Communicate Clearly:Strong communication is key for this role. In your application, make sure to express your ideas clearly and concisely. We want to see how you can align stakeholders around architectural decisions, so let your writing reflect that!
Apply Through Our Website:We encourage you to apply directly through our website. It’s the best way for us to receive your application and ensures you’re considered for the role. Plus, it’s super easy – just follow the prompts!
How to prepare for a job interview at ArtOfBlockchain
✨Know Your AI Architecture Inside Out
Make sure you’re well-versed in the key architectural decisions and evaluation frameworks relevant to production-scale AI products. Brush up on your knowledge of tools like LangSmith and Databricks, as being able to discuss their pros and cons will show you’re ready to make evidence-based recommendations.
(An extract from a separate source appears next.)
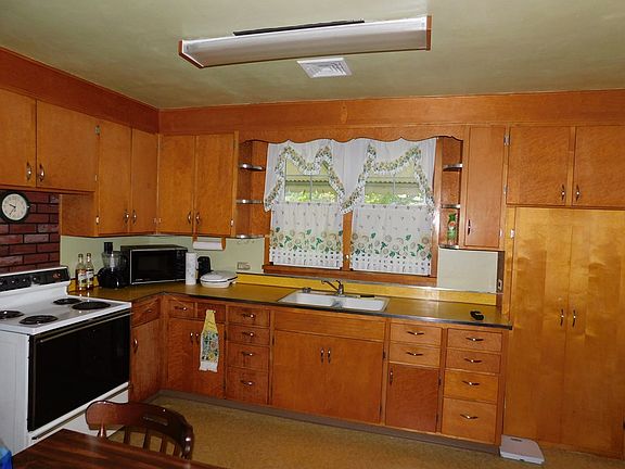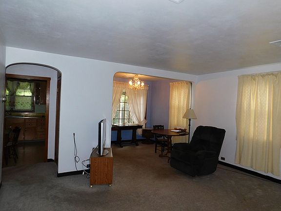 2 bedroom brick ranch on 0.39 acre corner lot with living room, dining room, kitchen and laundry/utility room 2 car garage with workshop, off street parking, oil furnace with radiant floor heat. View of the mountains and fields off the covered back patio. Garage roof has a leak on one side.

✨Showcase Your Collaboration Skills
This role involves working closely with various teams, so be prepared to discuss how you've successfully collaborated in the past. Share specific examples of how you’ve influenced architectural decisions or worked across teams to achieve a common goal, especially in environments with evolving requirements.
✨Demonstrate Your Decision-Making Process
Be ready to explain your approach to assessing technical trade-offs and guiding long-term architectural direction. Use real-life scenarios to illustrate how you’ve made decisions based on evidence and documented processes, highlighting your understanding of reliability and governance in AI systems.
✨Communicate Clearly and Effectively
Strong communication skills are crucial for this position. Practice articulating complex ideas simply and clearly, especially when discussing architectural decisions. Be prepared to align stakeholders around your proposals, showcasing your ability to advocate for AI adoption and engineering best practices.